If you were to look in your kitchen or bathroom cabinet, the chances are you’d find some unused medicine. Maybe you recovered from surgery more quickly than you expected, and didn’t take all the strong painkillers your doctor prescribed. Or perhaps you took a medicine so long ago that it’s expired, the cardboard packaging is disintegrating, and you can’t be certain what it was for in the first place. What now?
Stockpiling medicines at home can be risky, not just for you but for your family and pets. And disposing of them in the garbage or down the toilet carries risks too.
Our new research, published in the Australian Health Review, shows that both practices are common. And few people know how to safely dispose of unwanted or expired medicines.
How big is the problem?
Pharmacists dispensed 208 million government-subsidised prescriptions in the 2015-16 financial year. And in a 2015 national survey, eight out of ten adults said they had used at least one non-prescription medicine in the previous month.
Our research showed that almost two out of three people (60%) surveyed said they had unwanted medicines at home, and one-third (33%) of these medicines had expired.
Medicine can be unused or left over for a number of reasons. Perhaps we decide not to take what our doctor prescribed, or we feel better so we think we no longer need it, or the doctor changes our medicine and prescribes something else.
Keeping medicines to use for reoccurring conditions, like migraines, is appropriate. But keeping antibiotics to use for a different infection can lead to treatment failure if those antibiotics do not target the new infection. When we use antibiotics incorrectly, bacteria can also change to become more resistant to treatment.

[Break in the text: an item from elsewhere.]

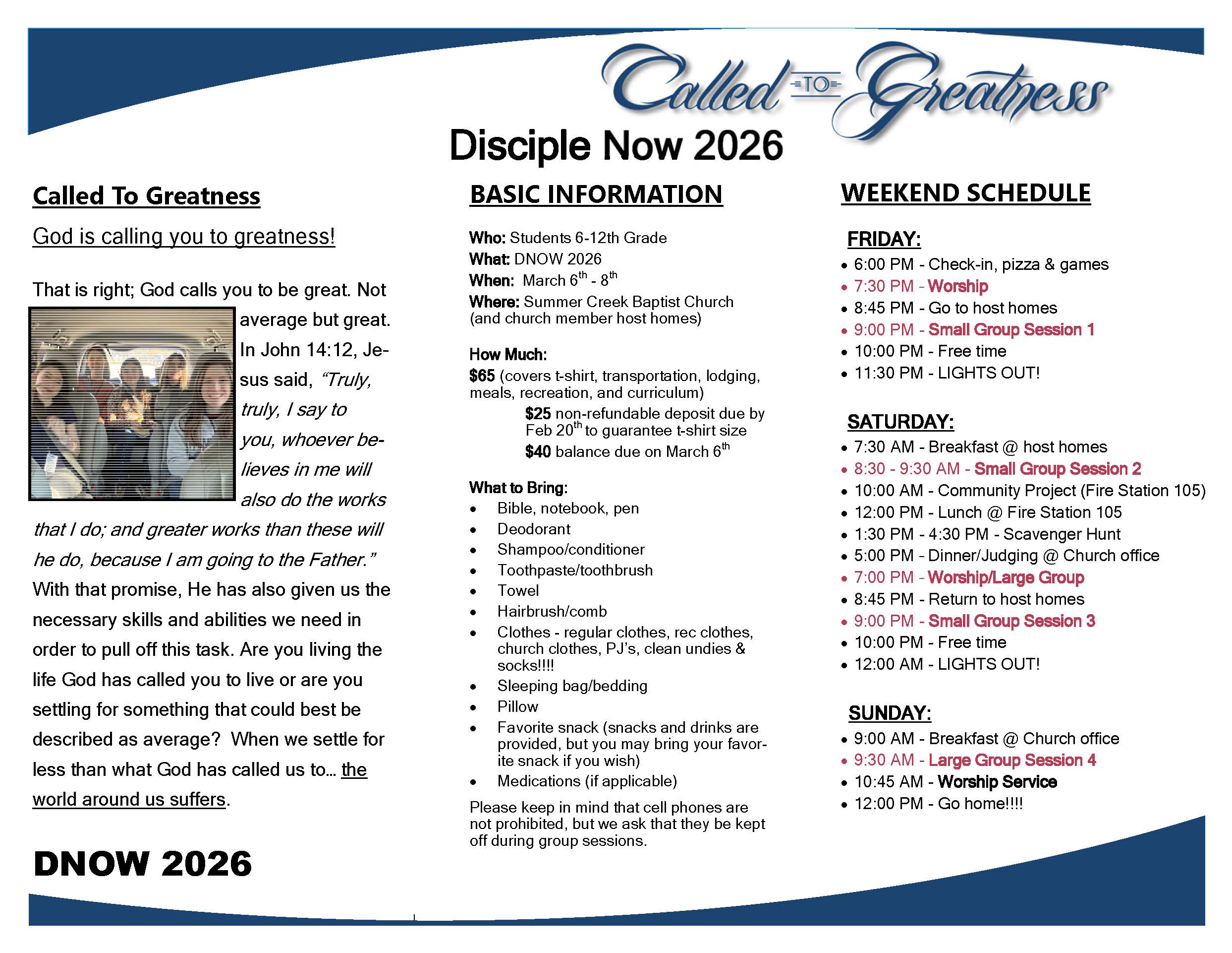 Disciple Now (DNow) is a weekend retreat for students filled with worship, bible studies and fellowships. Students stay at member host homes. Click below for a snippet from last year’s DNow.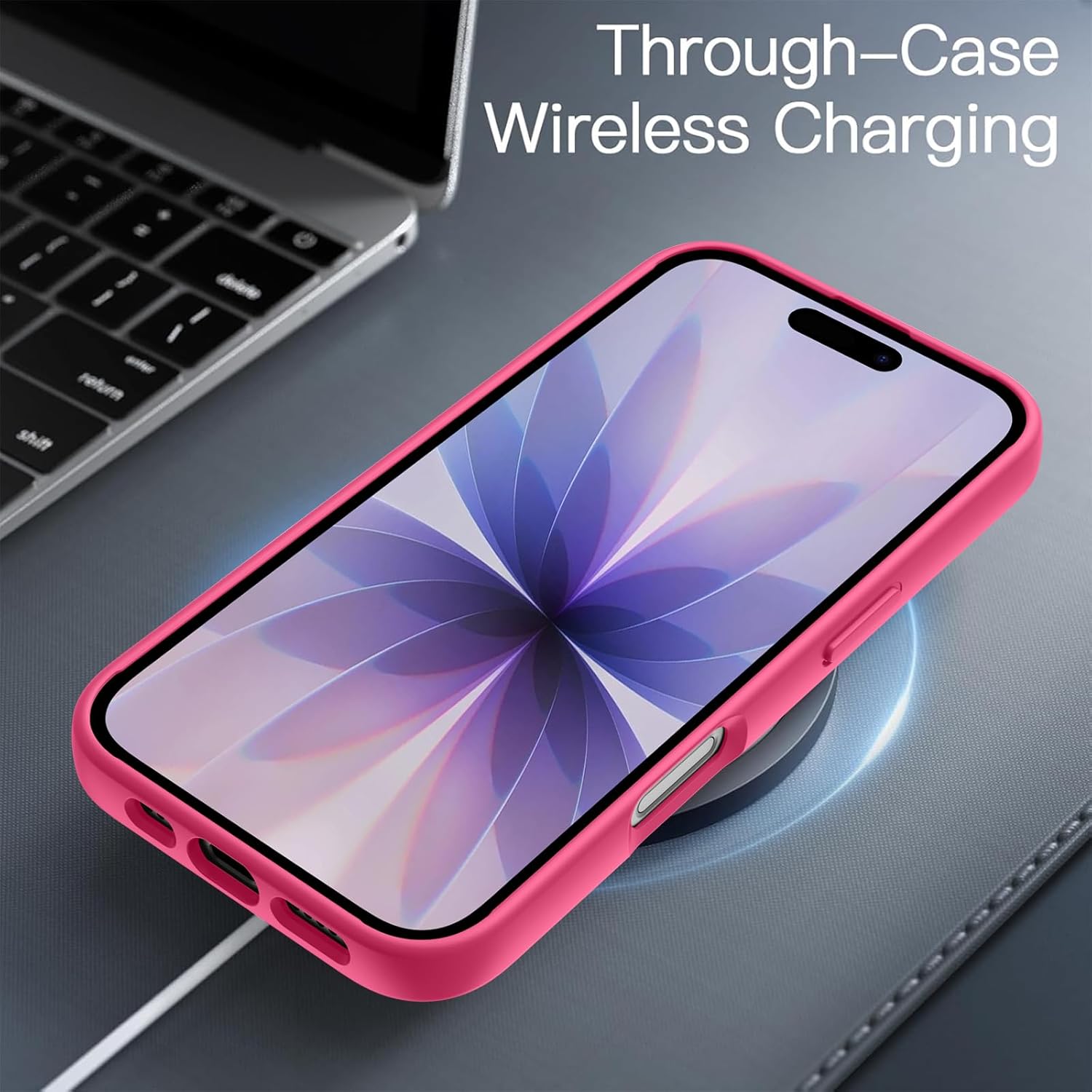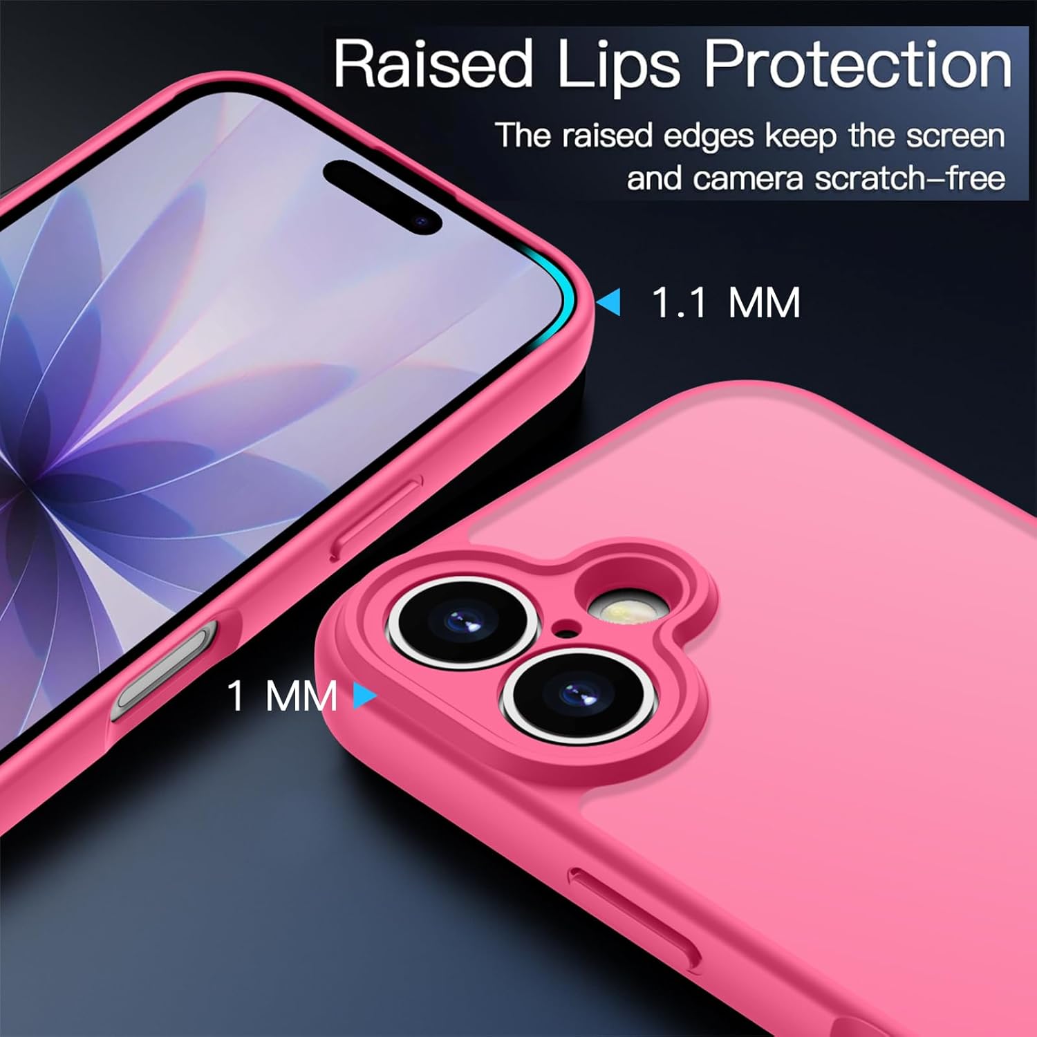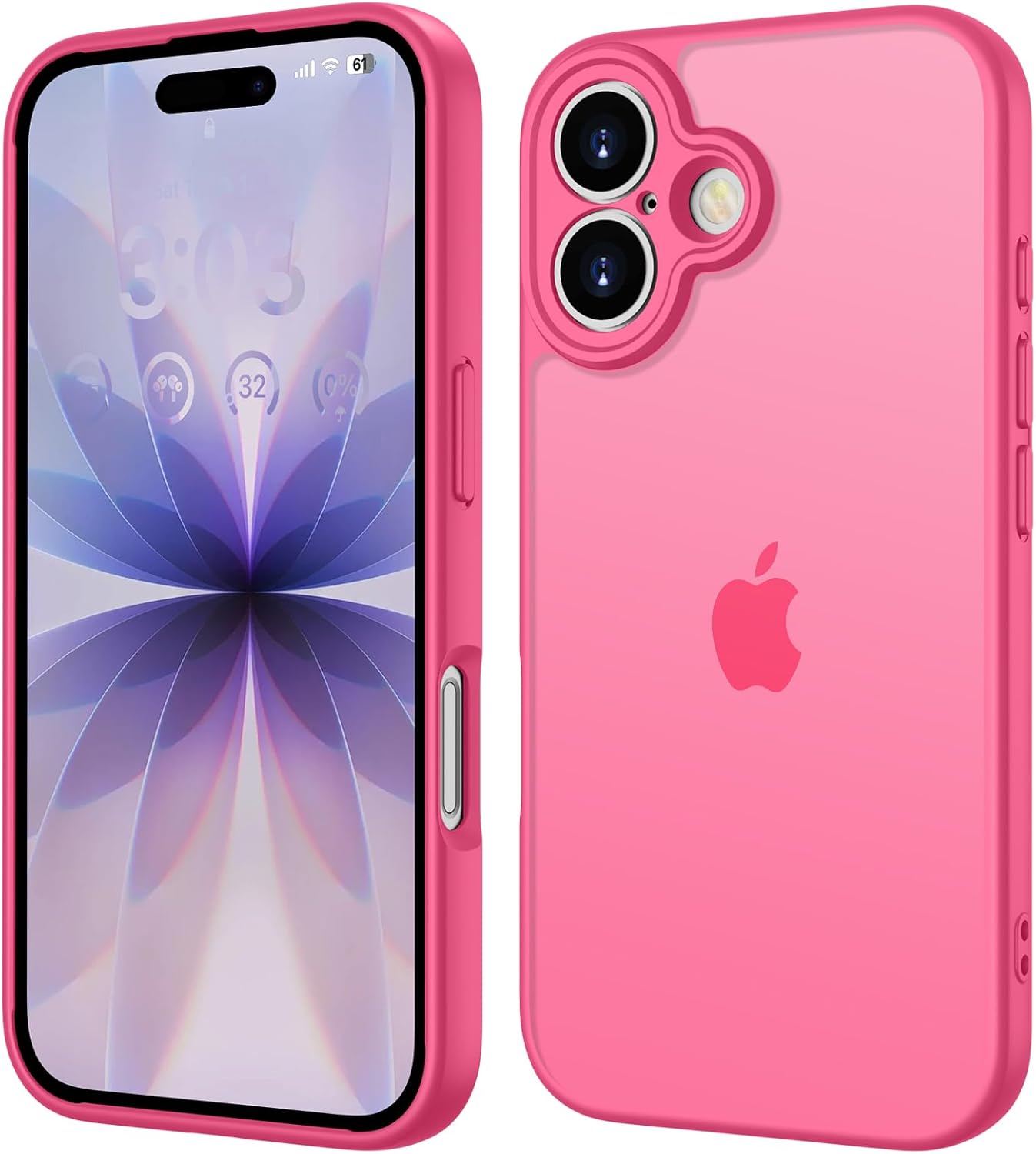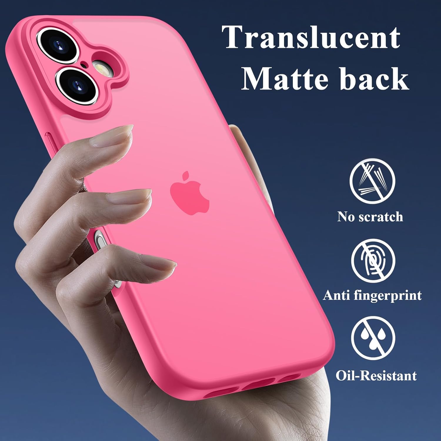 ORDA калъф за iPhone 17 6.3 инча, пълна защита на камерата, удароустойчив, устойчив на надраскване, прозрачен защитен калъф за гръб, матов калъф за мобилен телефон против пръстови отпечатъци за iPhone 17 (ярко розов)

Stockpiling medicines at home can also be a safety problem. Children or pets can accidentally eat or drink them, older people can become confused about which ones to take, and medicines can lose their effectiveness or become toxic after their expiry date.
Then there are security issues such as theft. This is particularly relevant for opioid medicines (strong pain relievers like codeine) prescribed after surgery, which can be sold on the black market.
One recent US study found that most opioids prescribed after surgery were unused, and not stored or disposed of safely.
A nation of hoarders
To find out what people do with their unused medicines, we surveyed more than 4,300 Australians.
Most people (75%) said they kept medicines in case they needed them in the future. Other reasons included not wanting to waste money, not knowing how to dispose of them, intending to give them to family and friends, or forgetting the medicines were there.